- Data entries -
- - - -

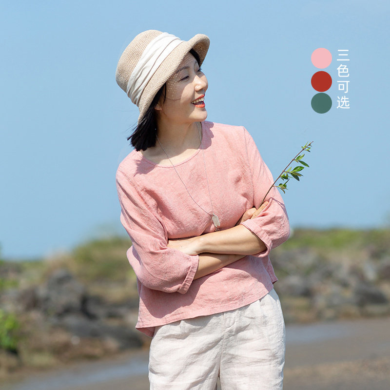 忘城H365座/相约春天/2023早春新款色织亚麻圆领廓形简约多色T恤
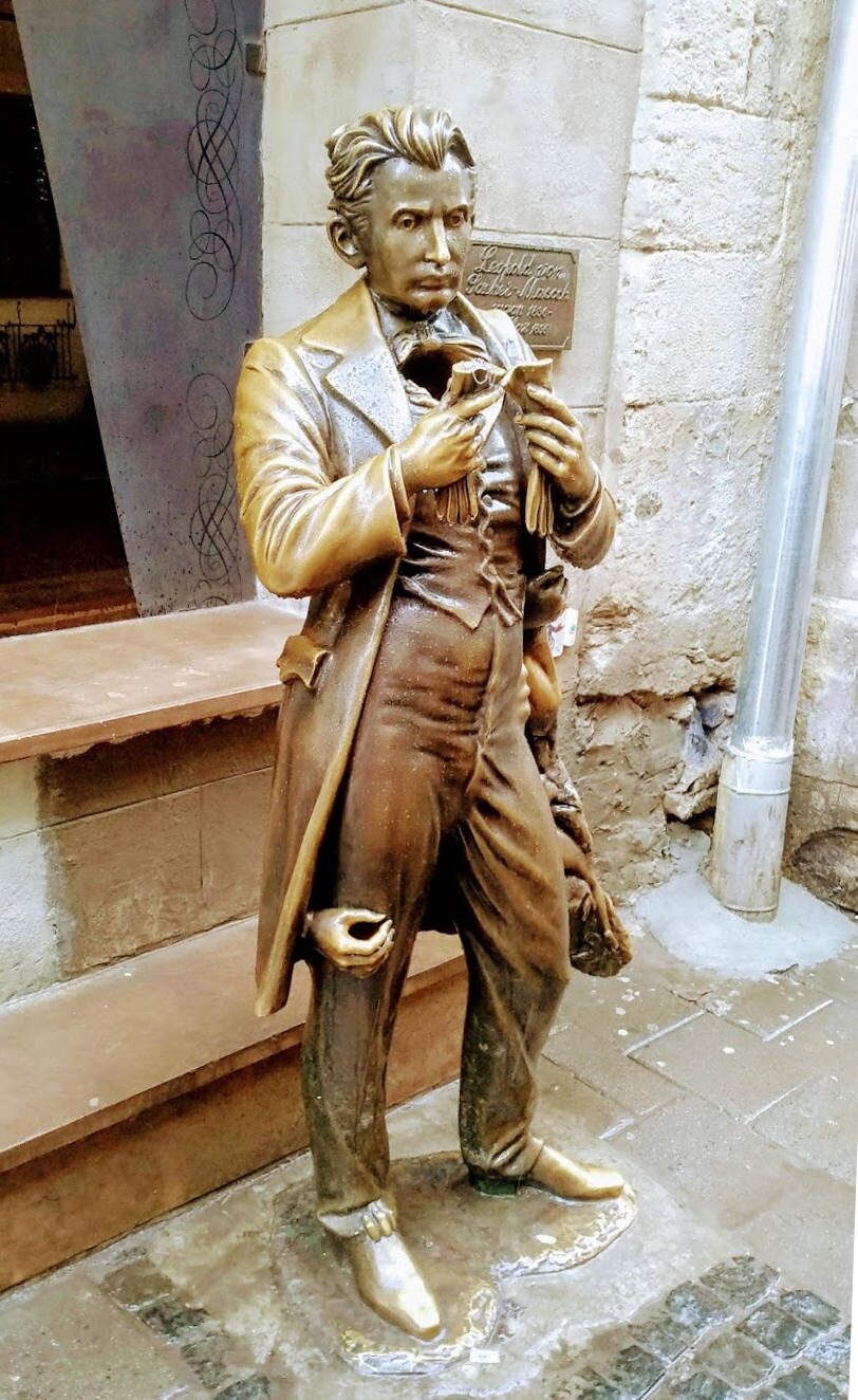 Пам’ятник Мазоху на тротуарі – це бронзовий Леопольд фон Захер-Мазох заввишки 170 см, який стоїть тут із 2008 року – подарунок від скульптора Володимира Цісарика. Письменник, який народився у Львові, дивиться на перехожих із загадковою усмішкою. У нього кілька рук і глибока кишеня – кажуть, якщо засунути туди руку, пощастить. Туристи обожнюють цю скульптуру: фотографуються, чіпають, сміються. Мазох став символом Сербської – трохи провокативним, але дуже львівським.
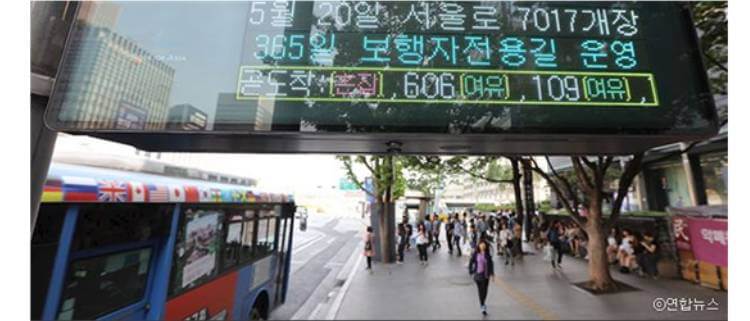 ただ、その他の時間帯でも混雑する可能性はありますよね。韓国では停留所の電光掲示板で、混雑状況をリアルタイムで確認できます。
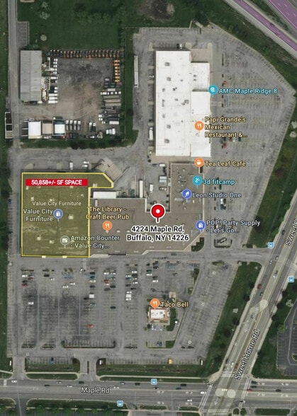 Available former Value City Furniture store consisting of 50,858+/- SF. Located in the Maple Ridge Plaza in the heart of Amherst. High visibility from the traffic light at Maple Road and Sweet Home Road. Excellent exposure minutes from the University at Buffalo's North Campus, Niagara Falls Boulevard, and the New York State Thruway I-290. Co tenants include Taco Bell, AMC Theaters, Conover Chiropractic, Papi Grande's Mexican Restaurant, Subway, Party POP, 3D Fitcamp, K-BBQ & Hot Pot, Price Rite and Leon's Hair Studio. Ample parking. Ideal for national or local tenants including retail, office, or restaurant uses. Can sub divide to 1,500+/- SF up to 50,858. Contact Rick Recckio at 716-998-4422
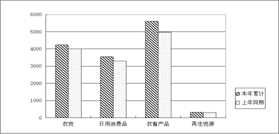 分行业看,“四大网络”企业营业收入77.05亿元,同比增加5.42亿元,增长7.57%,占全系统营业收入的91.94%。其中,农资企业实现营业收入22.04亿元,同比减少1.74亿元,下降7.33%,占全系统营业收入的26.3%;日用消费品企业实现营业收入24.82亿元, 同比增加3.43亿元,增长16.02%,占全系统营业收入的29.62%;农畜产品企业实现营业收入27.64亿元,同比增加3.37亿元,增长13.88%,占全系统营业收入的32.99%;再生资源企业实现营业收入2.54亿元,同比增加3681.01万元,增长16.97%,占全系统营业收入的3.03%;其他业务企业实现营业收入6.75亿元,同比增加1.4亿元,增长26.18%,占全系统营业收入的8.06%。
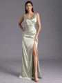 The A-line/Princess silk like satin V-neck Sleeveless Floor-Length Bridesmaid Dress is a sleek and elegant choice. Featuring a flattering A-line silhouette, deep V-neck, and flowing floor-length skirt, it combines style and comfort, perfect for a sophisticated bridal party look.

- - - -

- Exercise directions -
I'd like the lines above repeated exactly, from the one that contains "Пам’ятник Мазоху на" through the one that contains "ただ、その他の時間帯でも混雑", with no pictures.

- Output of the exercise -
 Пам’ятник Мазоху на тротуарі – це бронзовий Леопольд фон Захер-Мазох заввишки 170 см, який стоїть тут із 2008 року – подарунок від скульптора Володимира Цісарика. Письменник, який народився у Львові, дивиться на перехожих із загадковою усмішкою. У нього кілька рук і глибока кишеня – кажуть, якщо засунути туди руку, пощастить. Туристи обожнюють цю скульптуру: фотографуються, чіпають, сміються. Мазох став символом Сербської – трохи провокативним, але дуже львівським.
 ただ、その他の時間帯でも混雑する可能性はありますよね。韓国では停留所の電光掲示板で、混雑状況をリアルタイムで確認できます。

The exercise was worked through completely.